What is Logic Density, Really?
Does sticking one chip on top of another count as doubling transistor density? We’ve been doing this one way or another since time immemorial. I think most people would say it doesn’t count, a viewpoint that’s particularly understandable when the chips operate almost independently and share a single interface. For example, AMD’s V-Cache puts a memory (cache) chip on top of a computing die, implying a single (albeit wide) interface between the two.
What about Huawei’s recently disclosed LogicFolding technique? In this case, the interaction between stacked dice is much finer grained, with signal paths being shared between planes, implying many small interfaces between dice. EDA tools, such as place and route, must consider which plane to place a gate on. Changing planes may shorten signal paths, reducing propagation delay (𝜏), the whole focus of Huawei’s Tau Scaling concept.
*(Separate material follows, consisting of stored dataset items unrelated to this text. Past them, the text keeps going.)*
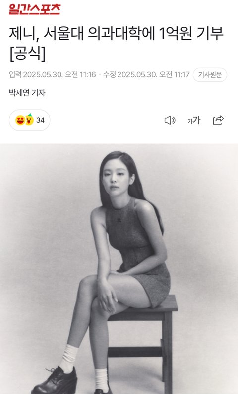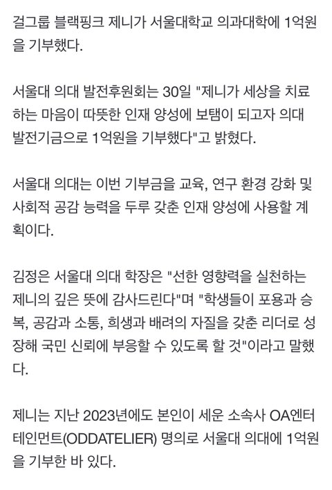 23년에도 아무도 모르게 1억원 기부했었다고함.. 제니 최고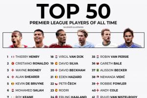 你认可吗英媒评英超历史50大球星:亨利第1 C罗第2 萨拉赫第6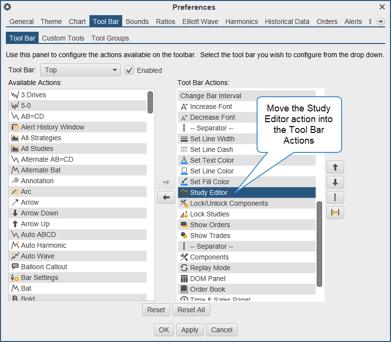 A study editor action is available to add to the tool bar. This is used in conjunction with the Tool Bar option above and will display the selected controls.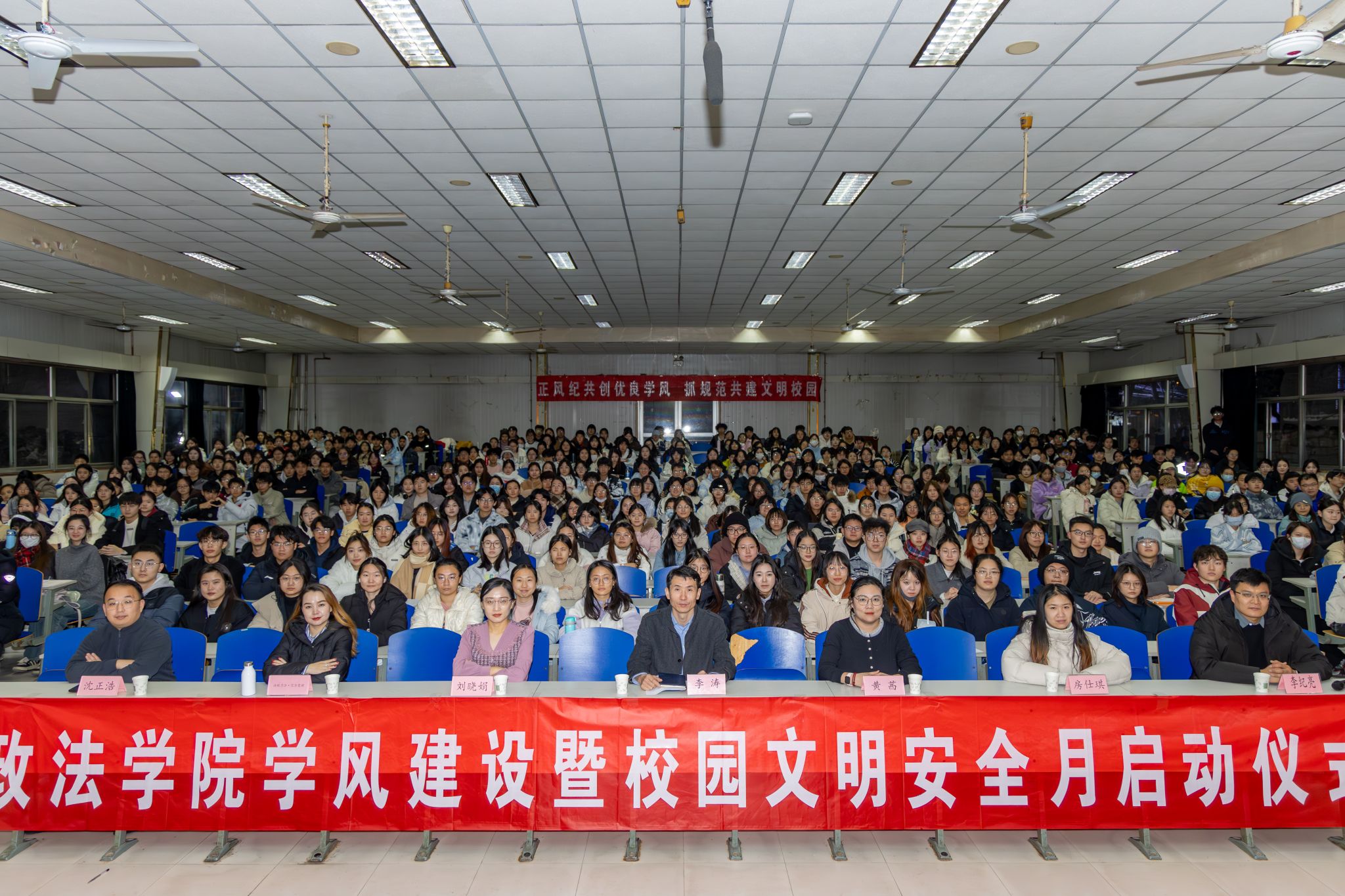 为强化学风建设,筑牢安全之基,增进学生自我管理、应急应变能力,营造勤勉向学、安全稳定的浓郁氛围。2024年12月11日19点,政法学院在星硕教室举行“学风建设暨校园文明安全月”启动仪式。学院党委副书记、副院长李涛,学生工作办公室全体辅导员老师,学院全体学生干部,全体学生党员参加此次活动。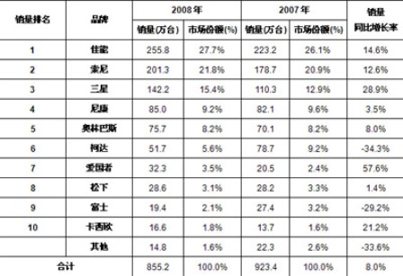 2008年,佳能進一步保持並鞏固其銷售量市場第一的領先地位,市場占比達到27.7%,Sony繼續保持中國數碼相機市場的第二名的位置,在其突出的產品攻勢下,市場份額有所上升。三星、尼康和奧林巴斯,分別進入中國數碼相機市場的前五名。

If you don’t consider LogicFolding to be a density increase, what about IBM’s Nanostack. Disclosed a year ago and back in the news because IBM has announced the first sub-1 nm chip. Calling it a 0.7 nm or 7 Å, this technique also stacks dice but the granules are even smaller, below the gate level. IBM fabricates N-type transistors on one wafer, P-type on another, and bonds the two together.
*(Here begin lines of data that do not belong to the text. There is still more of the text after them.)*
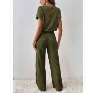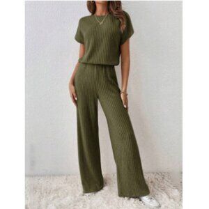 2 piece outfit tee shirt & wide leg pants lounge ribbed knit soft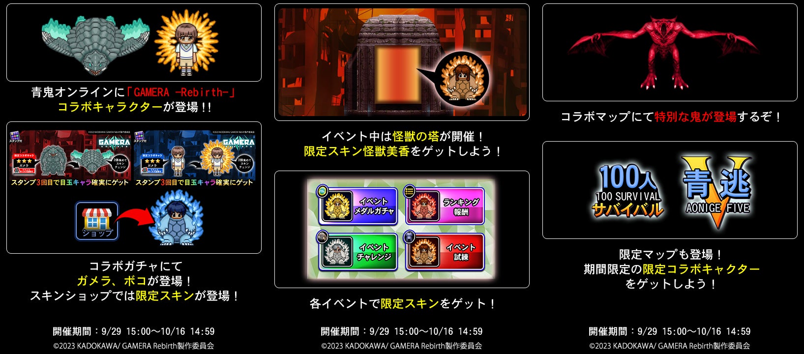 青鬼オンラインに、ガメラをはじめとしたアニメ『GAMERA -Rebirth-(ガメラ リバース)』のキャラクターが青鬼オンラインのコラボスキンとして登場!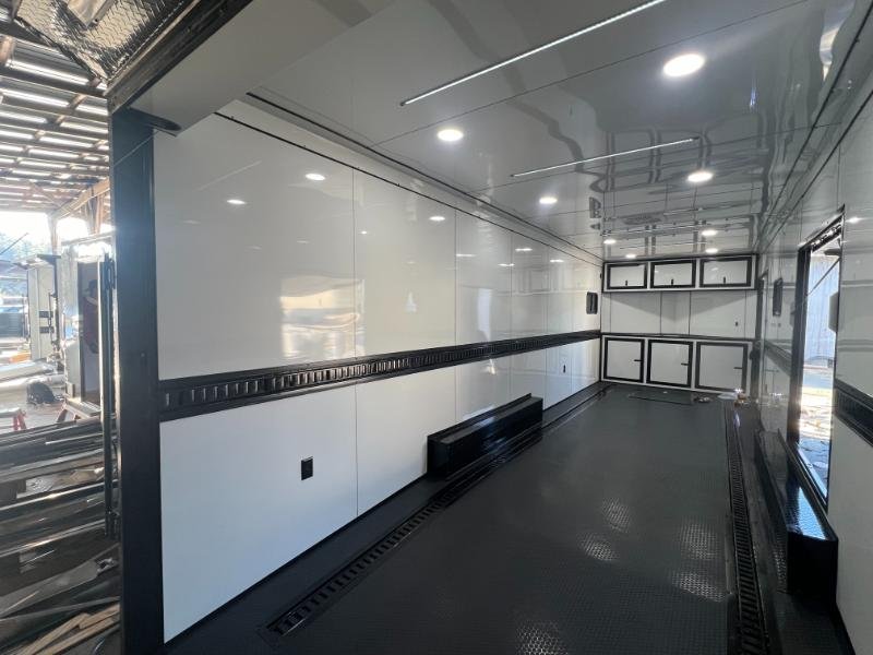 LED strip lighting runs the entire ceiling length—minimum 3,000 lumens for a 24-foot trailer.

I see Nanostack as a step toward CFETs, which stacks transistors on top of each other, but builds them sequentially from the bottom up, like traditional chips. Because of this construction, I’m comfortable calling it a true density increase.
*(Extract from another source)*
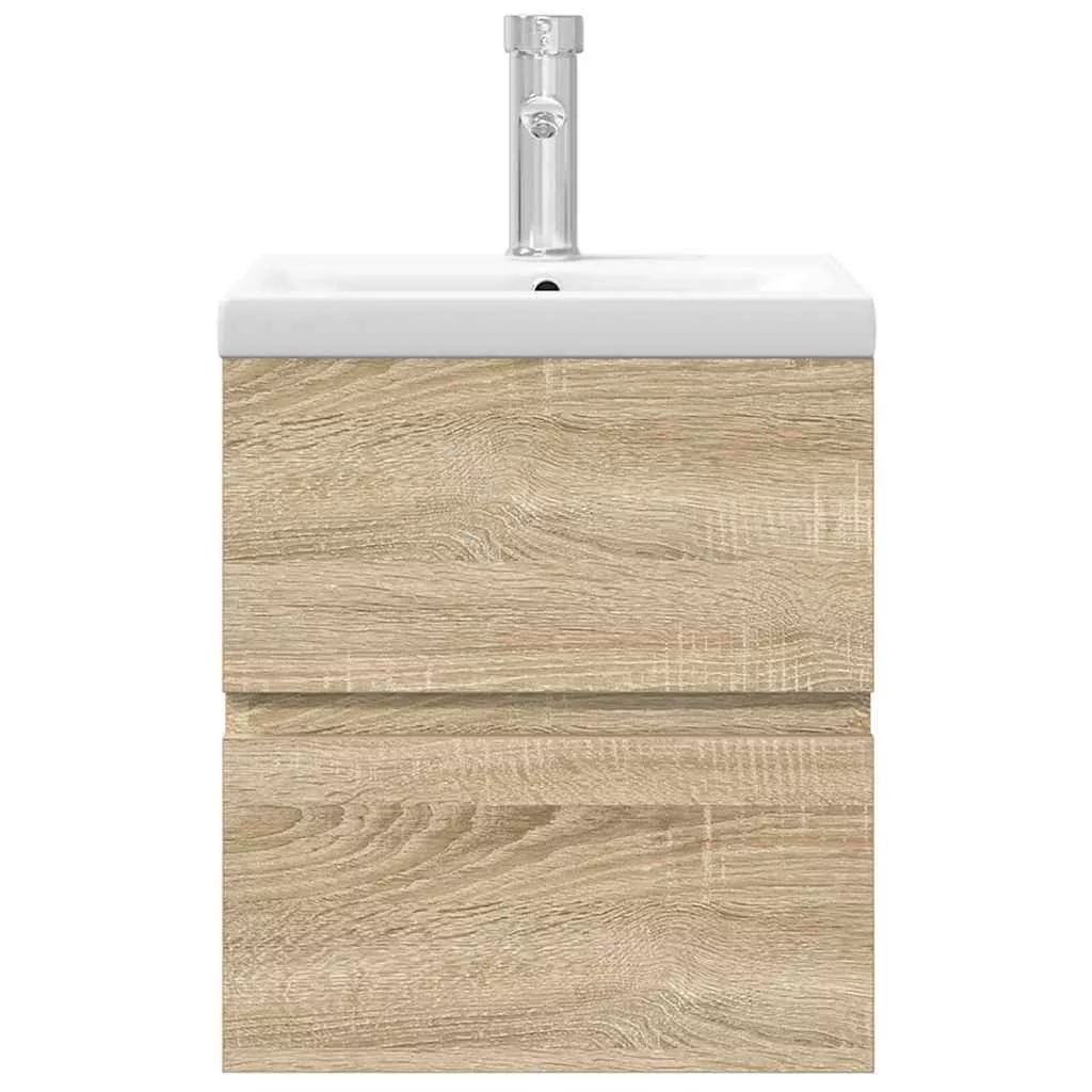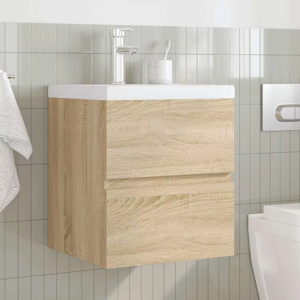 2 részes sonoma tölgyszínű szerelt fa fürdőszobai bútorszett

At the same time, it lowers my resistance to calling Nanostack a density increase. After all, there have been SOI techniques that bonded wafers, the monolithicness nobody questioned. Moreover, Nanostack is splitting the gate between wafers, and it’s reasonable for designers (at least those operating in realm of logic) to consider the gate to be atomic. Thus, Nanosheet increases density because, from a plan (x-y plane) view, gate size is halved.
But that lowers my resistance to calling LogicFolding a density increase. What do you think?